Provided material:
== Segment start ==

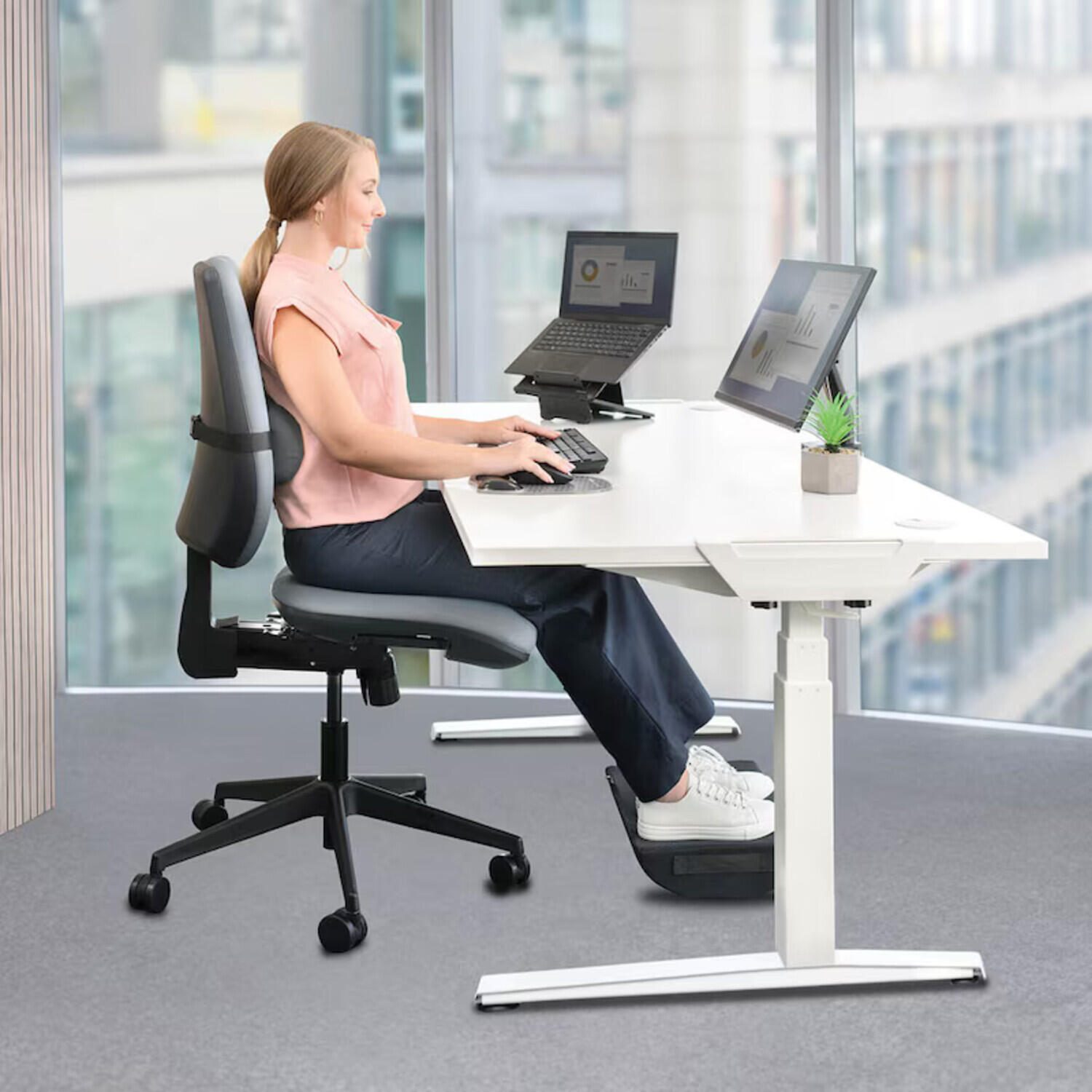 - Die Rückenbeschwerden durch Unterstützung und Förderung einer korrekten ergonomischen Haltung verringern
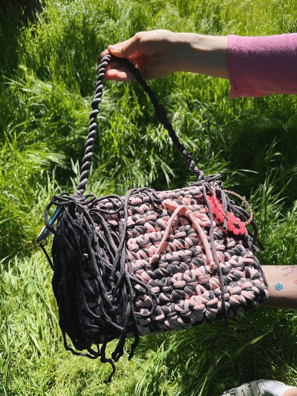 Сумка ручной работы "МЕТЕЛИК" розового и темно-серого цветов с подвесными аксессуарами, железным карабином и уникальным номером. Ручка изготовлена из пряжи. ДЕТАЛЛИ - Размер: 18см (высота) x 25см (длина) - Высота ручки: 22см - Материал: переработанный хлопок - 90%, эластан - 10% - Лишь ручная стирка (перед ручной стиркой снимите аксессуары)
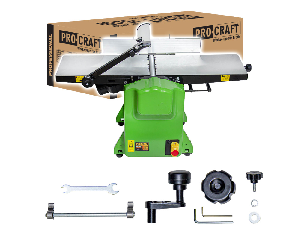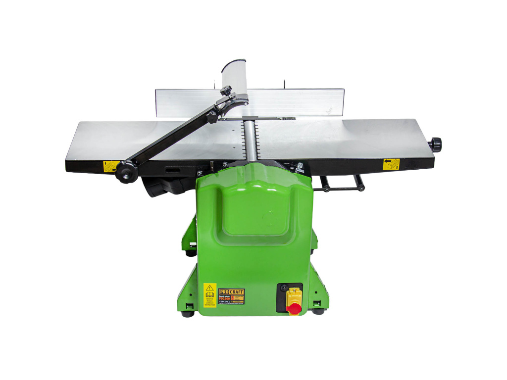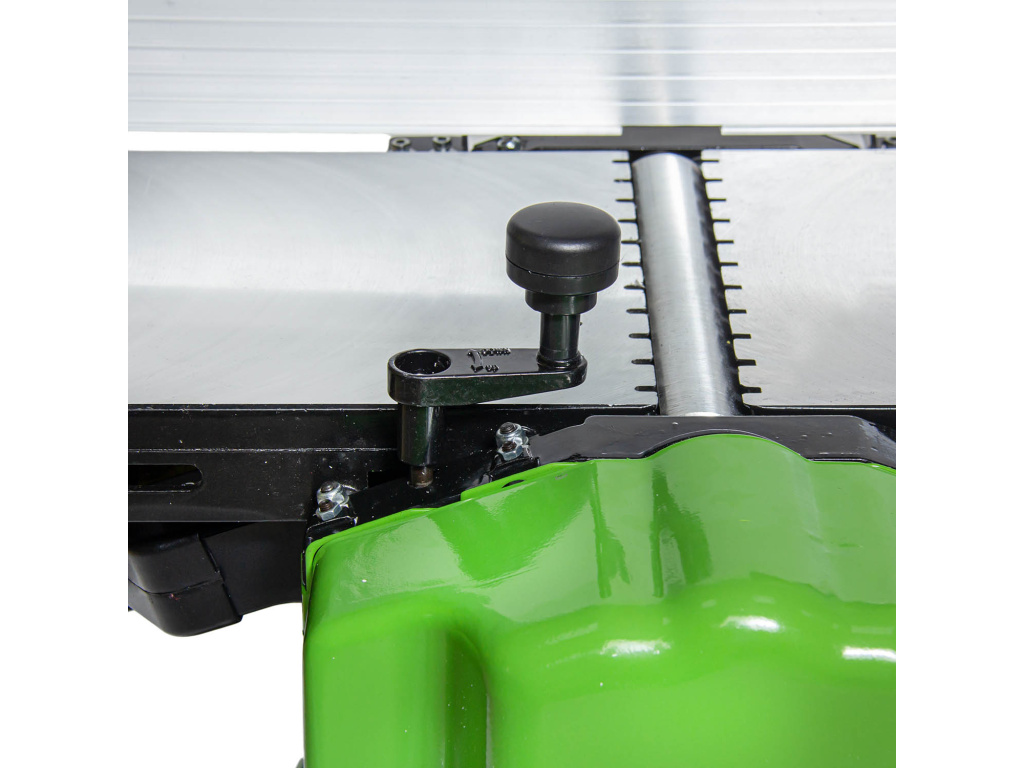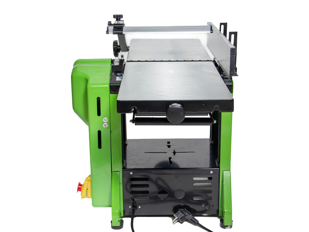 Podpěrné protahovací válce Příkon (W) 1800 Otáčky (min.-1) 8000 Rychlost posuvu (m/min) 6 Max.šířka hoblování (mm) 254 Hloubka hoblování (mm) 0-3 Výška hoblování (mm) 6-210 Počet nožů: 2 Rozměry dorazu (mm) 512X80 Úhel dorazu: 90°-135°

== Segment end ==

What to do:
What you return should match the material word for word, apart from the pictures.

Response box:
 - Die Rückenbeschwerden durch Unterstützung und Förderung einer korrekten ergonomischen Haltung verringern
 Сумка ручной работы "МЕТЕЛИК" розового и темно-серого цветов с подвесными аксессуарами, железным карабином и уникальным номером. Ручка изготовлена из пряжи. ДЕТАЛЛИ - Размер: 18см (высота) x 25см (длина) - Высота ручки: 22см - Материал: переработанный хлопок - 90%, эластан - 10% - Лишь ручная стирка (перед ручной стиркой снимите аксессуары)
 Podpěrné protahovací válce Příkon (W) 1800 Otáčky (min.-1) 8000 Rychlost posuvu (m/min) 6 Max.šířka hoblování (mm) 254 Hloubka hoblování (mm) 0-3 Výška hoblování (mm) 6-210 Počet nožů: 2 Rozměry dorazu (mm) 512X80 Úhel dorazu: 90°-135°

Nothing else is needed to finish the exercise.